At the same time, the generative AI revolution and President Donald Trump’s tariffs have stirred more economic anxiety about job safety.
“CEOs are citing AI as a reason for hiring freezes and layoffs, before the productivity associated with AI is realized,” Swonk wrote. “That could prove penny-wise and pound-foolish; it stokes public backlash to AI, which is intensifying.”
To be sure, there are still some tailwinds that should benefit workers and the overall economy. Trump’s tax cuts will deliver a temporary lift; the World Cup will help ease a tourism downturn; inflation will continue to gradually cool; and massive AI capital expenditures will keep propping up GDP growth.

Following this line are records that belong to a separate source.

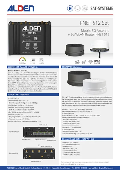 Lecteurs SIM : Équipé de 2 lecteurs SIM, ce qui permet une flexibilité maximale dans le choix de votre opérateur mobile (carte SIM Starter en option). Alden Routerset I NET CAMP 512 | Campingzubehör Alimentation : Fonctionne sur une tension d'alimentation de 12V (plage de 9-50V), idéal pour une utilisation en déplacement. Grâce à sa technologie avancée 5G et LTE Cat 20, ce routeur garantit des vitesses optimales pour répondre aux exigences des utilisateurs les plus connectés. Routeur 5G LTE ALDEN PACK 4G TV Smart 19" + / 5G Ready + Routeur I-NET Antenne I-NET 4G Connectique : 4 ports LAN RJ45 et 1 port WAN pour une connectivité filaire stable. Le Pack I-NET 512 5G/4G LTE d'Alden représente la solution idéale pour les voyageurs en quête d'une connectivité Internet fiable et rapide, où qu'ils soient. Mode répéteur Hotspot WiFi : Fonctionnalité permettant de créer un point d'accès WiFi en 2., 4GHz et 5GHz pour partager la connexion avec plusieurs appareils. Sécurité : Comprend des règles de firewall préconfigurées et une prévention contre les attaques DDoS, garantissant la sécurité de votre réseau. Dimensions : Antenne robuste avec des dimensions de 189 x 182 x 85 mm et un poids de 940 g, facilitant l'installation sur votre véhicule. Avec la capacité de connecter jusqu'à 150 appareils simultanément, il est parfait pour les familles ou les groupes d'amis voyageant ensemble dans un camping-car ou un van. Caractéristiques : I-NET 512 ROUTER 5G/4G-LTE Cat. Alden AS2@ 60 HD Platinium sistema de satélite totalmente automático... Ce routeur performant permet de se connecter à Internet en déplacement, garantissant une expérience de navigation fluide, même dans des zones éloignées. connexion rapide et stable ALDEN I-NET Antenne 4G LTE + Routeur - Internet Wifi Camping-car Fourgon Van
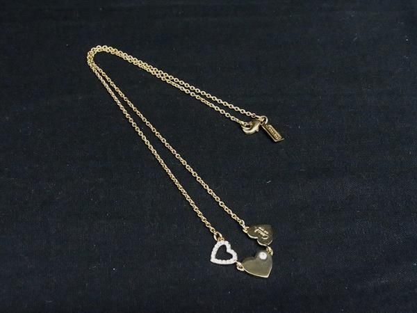 ■美品■ COACH コーチ 3連ハート ネックレス ペンダント アクセサリー レディース ゴールド系 DI9095
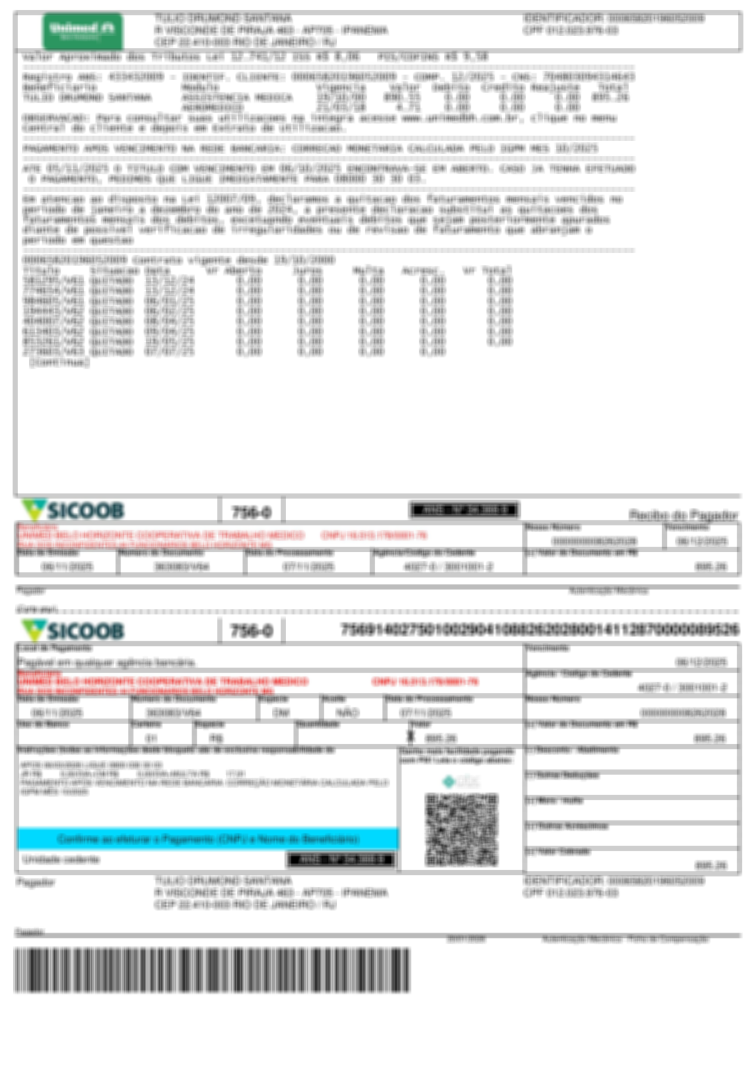 Verifique nessas telas se os dados do boleto estão corretos, principalmente o do beneficiário. No caso da Unimed-BH ele sempre será UNIMED BELO HORIZONTE COOPERATIVA DE TRABALHO MÉDICO CNPJ 16.513.178/0001-76.

On the other hand, investors are nervous; uncertainty still hangs over the direction of economic policy; and the housing market remains in the doldrums, she said.
“The result is an economy that appears resilient but feels increasingly fragile,” Swonk concluded. “Growth has held up, yet the connective tissue that supports labor markets, investment, and global cooperation is fraying. Workers are more anxious, investors more herdlike, and markets … more vulnerable to shocks than headlines suggest.”
Her warnings echo what Nobel Prize–winning economist Daron Acemoglu has been saying for years about the origins of economic and political decay.
In a recent interview with _Fortune’_s Jake Angelo, he said the U.S. is headed for a grim future and outlined two shifts relative to AI development he sees as critical to avoiding deeper decline: cracking down on economic inequality and tempering job destruction.
“If we go down this path of destroying jobs [and] creating more inequality, U.S. democracy is not going to survive,” Acemoglu said.